真夜中のエルボー


 暗闇で突然背後に人の気配を感じ、サイトーはぎょっとして目を覚ました。
(侵入者か?)
 重い義体の腕が自分の首に回され、絞められる、と思って咄嗟に枕の下の銃を手で探った。
(銃がない……!)
 手のひらが冷たいシーツを空しく撫でる。
 焦ったサイトーは首に絡み付いてくる義体の腕を力一杯振り払い、渾身の力を籠めて肘を相手の顔の辺りに突き出して……

「――ぅあっ!」
 がつんという手ごたえと同時に聞きなれた声が上がり、サイトーはハッとして今度こそ本当に目が覚めた。
 見慣れない薄暗い部屋。身体の下には柔らかなベッドの感触。
「いっ……てぇ……」
 ベッドの隣にうずくまって呻吟しているのはパズである。
 ――……パズ? どうしてここに? いや、ここは……?
 まだはっきりしないサイトーの頭は一瞬混乱する。
「あー……さすが元軍人。

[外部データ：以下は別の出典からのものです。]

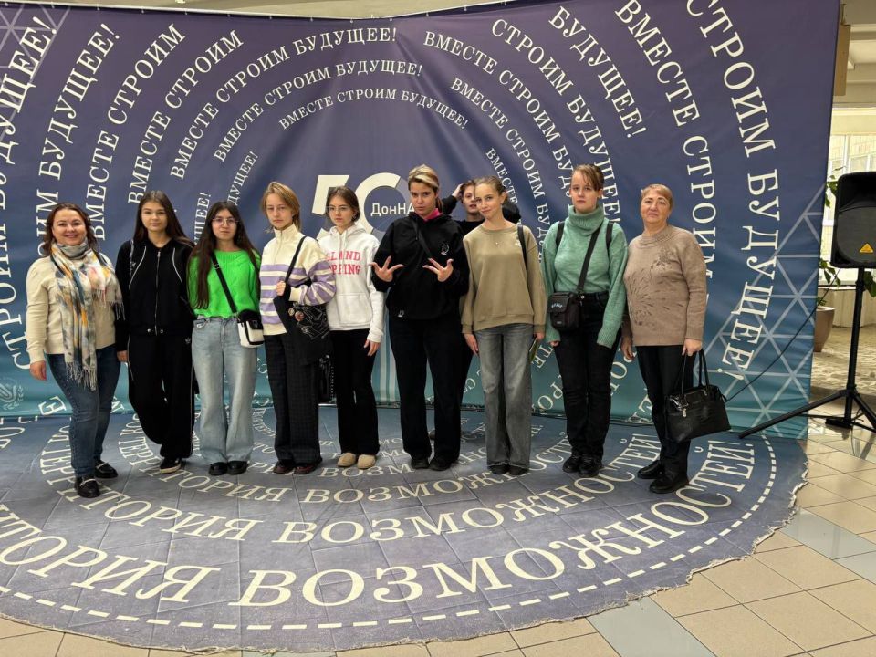 Учащиеся выпускных классов средних школ посетили данное мероприятие. Встреча проходила в зимнем саду ДОННАСА

効いたぞ……」
 顔をしかめて頬骨を擦りながら、パズが身体を起こした。
「おれと寝てる時くらい気を緩めろよな」
 ぽかんとしているサイトーの顔を見たパズは苦笑して、手を上げるとサイトーの頭をくるくると撫でた。
「いつもそうやって警戒して寝てるのか? 野生の動物みたいだよな」
 そう言われたサイトーは、昨晩、パズと二度目の夜を迎えたことをやっと思い出し、ついでに他にもいろいろ思い出して、たちまち顔に血が上るのを感じた。

―――

 夜明けまではまだもう少し時間があるようだ。
 今度は大人しくパズの腕に抱きこまれたサイトーは(痛かったんだぞ、と頬を押さえて訴えるパズから逃げられなかったのだ)、再び眠気が襲ってくるのを感じながらぼんやり天井を眺めた。
 パズは一度目の夜に約束した通り、今回はかなり高そうなマンションにサイトーを招いた。どの部屋も広く贅沢な造りだ。とはいえ結局サイトーがきちんと見たのは浴室と寝室だけで、後は素通りしただけで満足に見回す余裕もなかったのだが。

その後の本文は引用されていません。